Opposition and human rights groups on Tuesday slammed a newly approved Israeli law that bans entry to foreigners who support boycotting the country.

Israel's parliament passed the bill, which withholds visas and residence permits from people who have "knowingly issued a public call to boycott the state of Israel or pledged to take part in such a boycott," a parliament statement said late on Monday.

For decades Israel faced boycott calls for its 50 year occupation of the Palestinian Territories, but the movement known as BDS (Boycott, Divestment and Sanctions) raised its profile in recent years with help of celebrity backers such as Pink Floyd's Roger Waters.

Government ministers defended the law, which goes into force in a few days, as a necessary response to what it sees as a strategic and anti-Semitic threat, but rights group criticized it as a suppression of free speech.

"We think that border control should not be used as thought control," Hagai El-Ad, executive director of prominent Israeli human rights group B'Tselem, told journalists.

He noted that Israel also controlled all but one border crossing into Palestinian territories. He said the law could "absolutely" affect his group's work.

Applies to occupied territories

The law defines a boycott as "deliberately avoiding economic, cultural or academic ties with another person or body solely because of their affinity with the state of Israel, one of its institutions or an area under its control, in such a way that may cause economic, cultural or academic damage."

Owing to the wording "an area under its control," the law would therefore apply to activists who call for a halt in dealings with Jewish settlements in the occupied territories rather than with Israel as a whole. It also includes members of organizations that advocate boycotts.

Palästina Israelische Siedlingsbau in Ma'ale Adumim, Westjordanland
Activists who only object to dealings with Israeli settlements will still be hit by the lawImage: picture alliance / newscom

Jewish Voice for Peace, a US human rights group supporting BDS, compared the law to US President Donald Trump's revised ban on refugees and travelers from six Muslim-majority nations.

"Israel just passed its own discriminatory travel ban barring supporters of nonviolent tactics to end Israel's violations of Palestinian rights," its executive director Rebecca Vilkomerson said in a statement.

"My grandparents are buried in Israel, my husband and kids are citizens, and I lived there for three years, but this bill would bar me from visiting because of my work in support of Palestinian rights."

Anti-settlement NGO Peace Now called the law "neither Jewish nor democratic," and said it violates freedom of expression.

It said it "will not prevent the boycott but just erode Israel's standing in the world and lead us toward international isolation."

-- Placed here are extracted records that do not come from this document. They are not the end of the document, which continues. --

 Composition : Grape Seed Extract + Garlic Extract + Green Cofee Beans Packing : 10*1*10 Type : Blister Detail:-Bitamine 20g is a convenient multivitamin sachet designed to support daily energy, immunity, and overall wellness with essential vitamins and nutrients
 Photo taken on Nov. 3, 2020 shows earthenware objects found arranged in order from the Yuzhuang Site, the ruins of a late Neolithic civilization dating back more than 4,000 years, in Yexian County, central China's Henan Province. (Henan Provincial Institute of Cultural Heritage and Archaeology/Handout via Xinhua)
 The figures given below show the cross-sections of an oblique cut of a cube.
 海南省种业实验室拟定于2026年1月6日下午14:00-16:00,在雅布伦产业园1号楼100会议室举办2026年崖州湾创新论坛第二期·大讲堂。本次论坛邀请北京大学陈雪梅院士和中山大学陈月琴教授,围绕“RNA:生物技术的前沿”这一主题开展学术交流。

Right to determine admittance

Supporters of the the bill said it was a matter of self-defense, saying Israel should not welcome those who want to harm the country.

"If someone demeans me, I do not let them into my home," said David Amsalem, a lawmaker from Netanyahu's Likud party, according to centrist broadsheet "Jerusalem Post."

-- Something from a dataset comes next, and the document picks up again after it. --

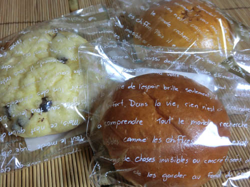 「冷やしぱん始めました!」 のボードに、思いっきり惹かれ…八木橋地下にあるベーカリー・PANESさんで発見、思わず即刻GET(^^)PANESといえば、コロコロ可愛い焼きたてミニクロワッサン! →以前掲載最近他にも気になるパンがあったりして、近々寄ろうと思ってたところ♪したらば先日、店頭のボードに 「冷やしぱん」 なる文字を発見!冷蔵ケースに、サンドイッチの隣にちょっとずつ並んだ3種類のパンは、どれも168円。スイーツみたいなお洒落な包みに入って、説明書きも何だかおいしそうだよ!じゃあ…イキナリ全種類試してみよっか♪手前の太陽マークは 「冷やしておいしい生カフェあんぱん」、奥の無地が 「冷やしておいしい生抹茶あんぱん」。コーヒーのほうは、カフェオレあん&コーヒーゼリー&ホイップクリーム入り。わ…このカフェオレあん、意外と苦みがきいてて美味しい♪ややドライな感じのふかふかパンにクリームが合うし、ふわ・ぷる・じょり・ふにゅ…いろんな食感が混ざった感じが気持ちイイ味的にも中味の具材がよく調和してる、これ一番気に入った♪抹茶は、玉露抹茶あん&抹茶ゼリー&ホイップクリーム入り。万人に受け入れられそうな程良い濃さ&香りの抹茶味、王道だね!こちらは 「冷やしておいしいチョコメロンパン」。表面がサクッツとした生地にはチョコチップ入り、中にはバニラクリーム!けっこう甘いけど、甘い中にもチョコのホロ苦さがあって飽きないね。クリームもおいしい、なんて贅沢なメロンパン~(^^)どれも1つひとつの素材がシッカリ美味しい、良く出来たデザートパンだった~。そう、これはまさにスイーツですな♪ 恐らくは夏期限定。そんな大量に作ってるわけでもなさそう?なので、売り切れ注意??本来の主目的はコレ…くまさん形のパン、4枚入り210円♪フレンチトーストは2枚入りで210円だったかな、可愛くて気になってたんだ(^^)これ、食べる前は、まあ形の可愛さ重視のパンでしょ?ってナメてたけど食べてみて、嬉しい誤算…ふわふわしっとり、これパンとしておいしい!買ったその日に、焼かず&何も付けずに、そのまんま食べるのが一番イイな♪急いでたので、説明書きとか見ずに買ってきちゃったけどこのモチッとした感じと、生地のやさしい自然な甘みは…米粉かな?って、違ったらゴメンよ(^^;うちわ祭が終わったら、熊谷中心地の次なるイベントは8月13日(土)花火大会!豪華な大連発の八木橋さん提供花火は、毎年拍手が起こる一番人気♪今年も期待させていただきましょ~(^^)でもその前に、今週末・金~日は深谷がお祭り~! メインは土曜、詳細コチラ♪※このブログはあくまで筆者の都合に合わせて自主的&自費で運営する 「個人ブログ」 です。お店関係のより詳しい情報は各店に直接お問合せ下さい。 リクエストもお受け出来ません。コメント欄では、悪口・他店のクチコミ情報・本題と無関係な話のみの書き込みは御遠慮下さい。別の話題には掲示板ページをご利用ください。

Public Security Minister Gilad Erdan defended the law on Tuesday, saying "every country has the right to determine who enters its borders."

He called it "another step in our struggle against those who seek to delegitimize Israel while hiding behind the language of human rights, and they do it from time to time."

Last year, the country allocated 118 million shekels ($32 million, 30 million euros) to fight the BDS movement.